Upon completion of this exercise, you will begin to understand how to cast problems in a simulation framework.

### Instructions 1/2:
* Initialize the sample space `days` which is an array from 1 - 365.
* Define a function `birthday_sim()` that takes as input the number of `people` and returns the probability that at least two share the same birthday.

In [4]:
# Draw a sample of birthdays & check if each birthday is unique
days = np.arange(1, 366)
people = 2

def birthday_sim(people):
    sims, unique_birthdays = 2000, 0 
    for _ in range(sims):
        draw = np.random.choice(days, size=people, replace=True)
        if len(draw) == len(set(draw)): 
            unique_birthdays += 1
    out = 1 - unique_birthdays / sims
    return out

### Instructions 2/2:
* Call `birthday_sim()` in a while loop and break when the probability is greater than 50%.

In [5]:
# Break out of the loop if probability greater than 0.5
while (people > 0):
    prop_bds = birthday_sim(people)
    if prop_bds > 0.5: 
        break
    people += 1

print("With {} people, there's a 50% chance that two share a birthday.".format(people))

With 23 people, there's a 50% chance that two share a birthday.


Yes, 23 seems surprisingly low, but it's enough to have a 50% chance!

## 2.3 Full house
Let's return to our poker game. Last time, we calculated the probability of getting at least two of a kind. This time we are interested in a full house. A full house is when you get two cards of different suits that share the same numeric value and three other cards that have the same numeric value (e.g., 2 of hearts & spades, jacks of clubs, diamonds, & spades).

Thus, a full house is the probability of getting exactly three of a kind conditional on getting exactly two of a kind of another value. Using the same code as before, modify the success condition to get the desired output.

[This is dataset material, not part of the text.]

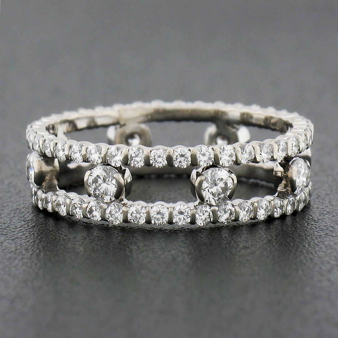 A solid 18k white gold eternity band ring. with 88 round brilliant cut natrual diamonds (F/G - VS1/VS2 ; 1.44ctw). The ring is size 6.5, weighs a total of 2.75 grams, and measures 5.5mm wide.

This exercise will teach you to estimate conditional probabilities in card games and build your foundation in framing abstract problems for simulation.

### Instructions:
* Shuffle `deck_of_cards`.
* Utilize a dictionary with `.get()` to count the number of occurrences of each card in the hand.
* Increment the counter `full_house` when there is a full house in the hand (2 of one kind, 3 of the other).

In [6]:
import numpy as np
import itertools
np.random.seed(123) 
deck = list(itertools.product(['Heart', 'Club', 'Spade', 'Diamond'],range(13)))

#Shuffle deck & count card occurrences in the hand
n_sims, full_house, deck_of_cards = 50000, 0, deck.copy() 
for i in range(n_sims):
    np.random.shuffle(deck_of_cards)
    hand, cards_in_hand = deck_of_cards[0:5], {}
    for card in hand:
        # Use .get() method to count occurrences of each card
        cards_in_hand[card[1]] = cards_in_hand.get(card[1], 0) + 1
               
    # Condition for getting full house
    condition = (max(cards_in_hand.values()) ==3) & (min(cards_in_hand.values())==2)
    if  condition == True: 
        full_house += 1
print("Probability of seeing a full house = {}".format(full_house/n_sims))

Probability of seeing a full house = 0.0014


Look at how small this probability is compared to that of at least two of a kind.